Q: ブンギン島の人々が、かつての伝統的な暮らしから離れていく様子を撮影するにあたり、なぜマッカディア家の人々を取り上げたのですか? また、彼らとの出会いについて教えてください。

YA: 私がまだ高校2年生の時、学校の壁新聞を作るため、ブンギン島にインタビューに行きました。その時マッカディア家のお父さんから、バジョ族に伝わる旗を見せてもらったのです。当時は村に宿泊施設が無かったため、彼の家に泊めてもらいました。これが、私とマッカディア家の人々の出会いです。

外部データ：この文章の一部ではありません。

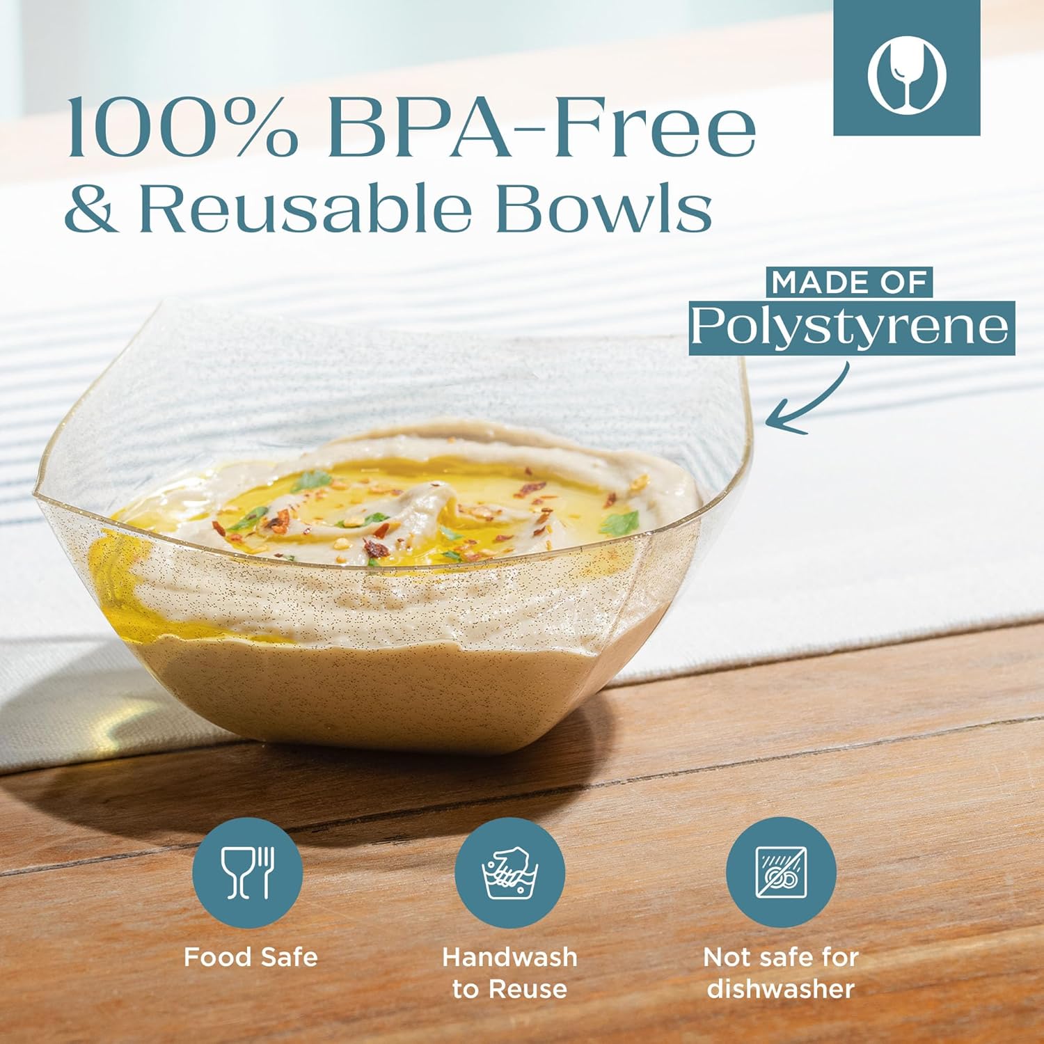 Posh Setting Gold Glitter Plastic Serving Bowls (8oz - 4 Pack) Square Disposable Containers for Party Table, Chips, Candy Buffet, and Salad

 10年後、今回の映画を作るため再びこの島を訪れた時、ずいぶんと島が変わっていることに驚かされました。たとえば、当時は本島と島の行き来が船のみだったのに、今では橋が架かり、島民がオートバイで行き来できるようになっていました。しかし、長い撮影の中で、変化が起こっているのは島だけではなかったのです。お世話になったマッカディア家の人々にも様々な変化が起こり、印象的でした。長男は村長選挙に出馬し、新しい島の政治に向けて動き出しており、次男は昔ながらの漁を行いながらも、経済的にはとても困っていました。また三男のアリフは将来、漁師になろうか、それとも学校で学んできたスキルを活かして、新しい商売をはじめようか迷っていました。この兄弟間の対照がおもしろいと思いました。以前、テレビでジャーナリスティックなドキュメンタリー番組は作っていましたが、今回の作品では、家族の一部のようになって、もっとパーソナルな目線で見てみたい、そう思ったのです。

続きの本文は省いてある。